Publicou livros de texto para a maioria das disciplinas que regeu e que foram segui­dos por outros docentes. Realça-se este facto porque é raro em Portugal os profes­sores universi­tários publicarem em livro as suas lições.
Realizou trabalhos de investigação com aceitação internacional.
Tendo eu sido responsável pela entrada do Dr. Martinho para a Faculdade, ficaria de mal com a minha consciência se, no momento em que, com desgosto, o vejo abandoná-la, não mani­festasse perante este Conselho Científico o apreço em que tenho as suas qualidades de docente e fizesse realçar o mérito indiscutível da cola­boração que deu a este Laboratório
.

Uma pergunta pode ocorrer: De entre os trabalhos científicos realizados, quais terão sido os mais significativos?
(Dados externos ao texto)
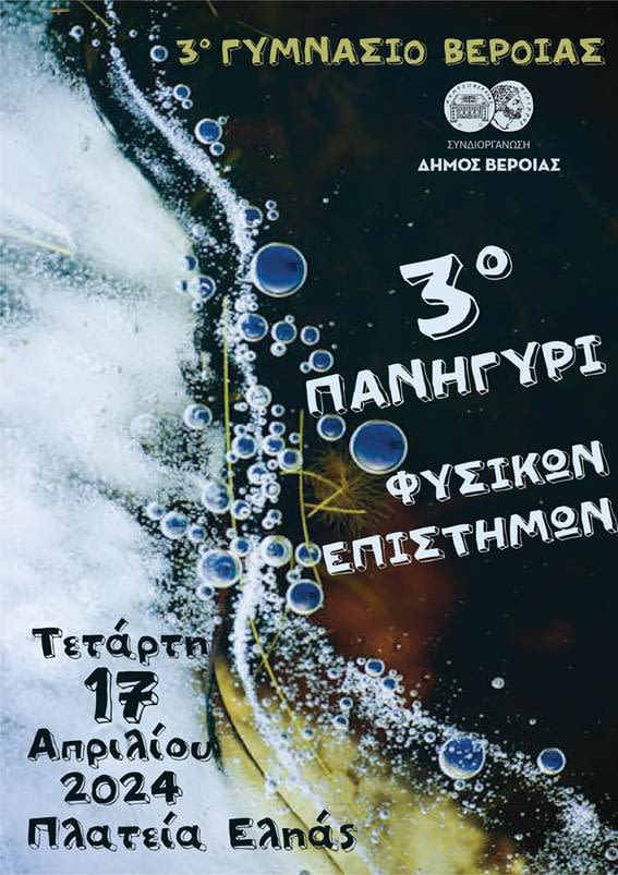 Το 3ο Γυμνάσιο Βέροιας συνδιοργανώνει με τον Δήμο Βέροιας, για άλλη μια χρονιά, ανοικτή εκδήλωση με τίτλο «3ο Πανηγύρι Φυσικών Επιστημών», την Τετάρτη 17 Απριλίου 2024, στην πλατεία Εληάς της Βέροιας και από ώρα 10:00 έως 14:00.
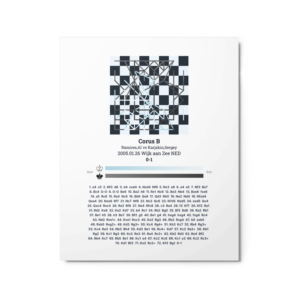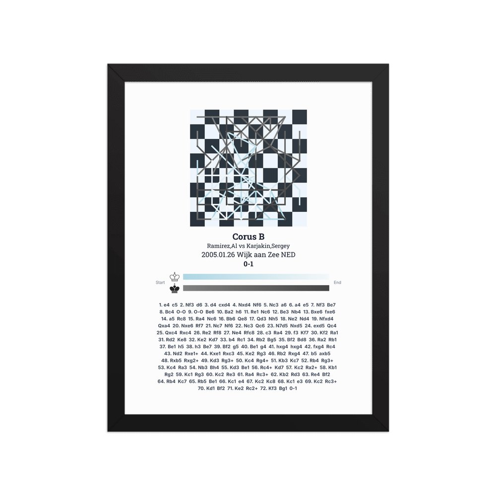 Museum-quality poster on thick, durable matte paper. A sharp, clean look for any chess visualisation.
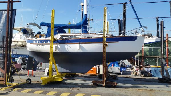 A rare find, less than 10 built. Perfect singlehanded cruiser, Long Beach sistership circumnavigated singlehanded. Airex cored hull, teak decks removed and deck glassed, Awlgrip over entire boat, bulkheads glassed in. This is not a liner boat. Perfect cruising underbody, full keel with cutaway forefoot and skeg hung rudder with prop protected inside skeg.
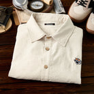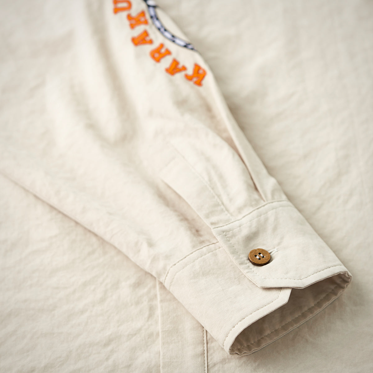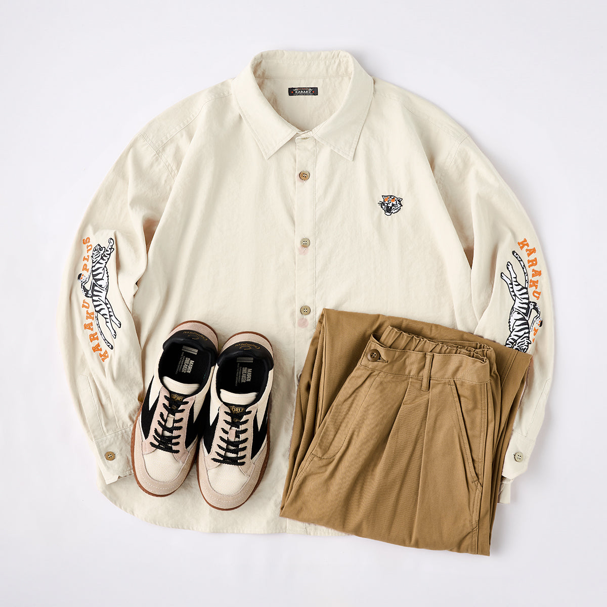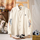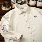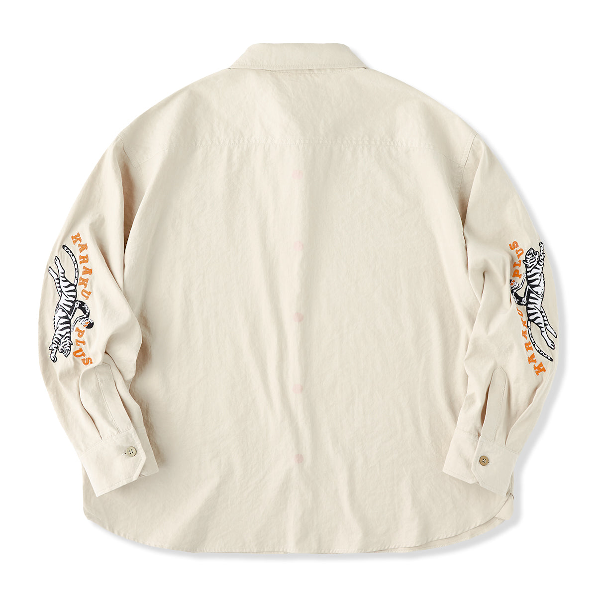 「포효하는 호랑이 & 스컬 라이더즈」자수 피치스킨 긴팔 셔츠
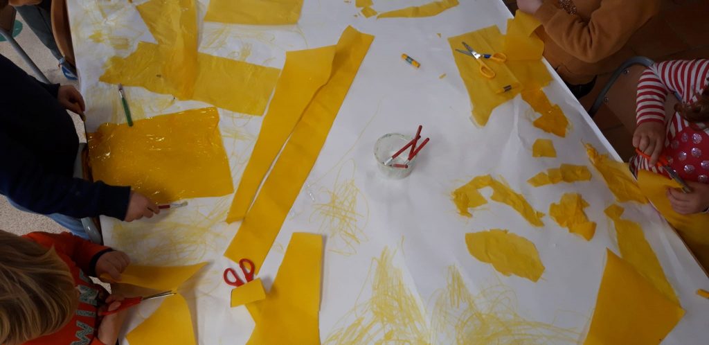 A P4 continuem treballant les emocions. Aquesta setmana entre tots hem fet un mural de l´alegria amb diferents materials de color groc com papers, teles, llanes… Hem enganxat i pintat amb aquest color mentre escoltàvem música alegra que ens fa estar contents. Ha sigut molt divertit i hem acabat tots ballant!!

Pela originalidade e importância prática dos resultados, julgo que são os que foram publicados entre 2001 e 2004 – com José Francisco Salgado e Isabel Maria Ferro Gonçalves – referentes à descoberta de uma curva universal relevante no domínio da Física das Radia­ções de Reactores Nucleares.


Desses trabalhos, são de destacar os seguintes:
(a) Universal curve of epithermal neutron resonance self-shielding factors in foils, wires and spheres. Applied Radiation and Isotopes, Vol. 58 (2003) 371-375
(b) Extension to cylindrical samples of the universal curve of resonance neutron self-shielding factors. Nuclear Instruments and Methods in Physics Research B, Vol. 213 (2004) 186-188
(c) Universal curve of thermal neutron self-shielding factors in foils, wires, spheres and cylinders. Journal of Radioanalytical and Nuclear Chemistry 261 (3) 2004 637-643

Cientistas de vários países [Alemanha, Argélia, Argentina, Áus­tria, Bélgica, Brasil, Bulgária, Canadá, China, Coreia do Sul, Dinamarca, Egipto, Eslovénia, Estados Unidos da América, França, Holanda, Hungria, Índia, Itália, Japão, Paquistão, Portugal, Reino Unido, Suiça, Taiwan e Vietname] e de instituições internacionais [EU/Joint Research Centre (Geel, Bél­gica; Petten, Holanda; Ispra, Itália) e IAEA (Viena)] têm vin­do a citar os tra­balhos publicados entre 2001 e 2004 em artigos referentes a diversos do­mí­nios, nomeadamente metrologia de radiações de reactores nucleares, determinação de parâme­tros nuclea­res (secções eficazes e integrais de resso­nância), aná­lise por activa­ção com neutrões, produção de radioisótopos para aplicações médicas.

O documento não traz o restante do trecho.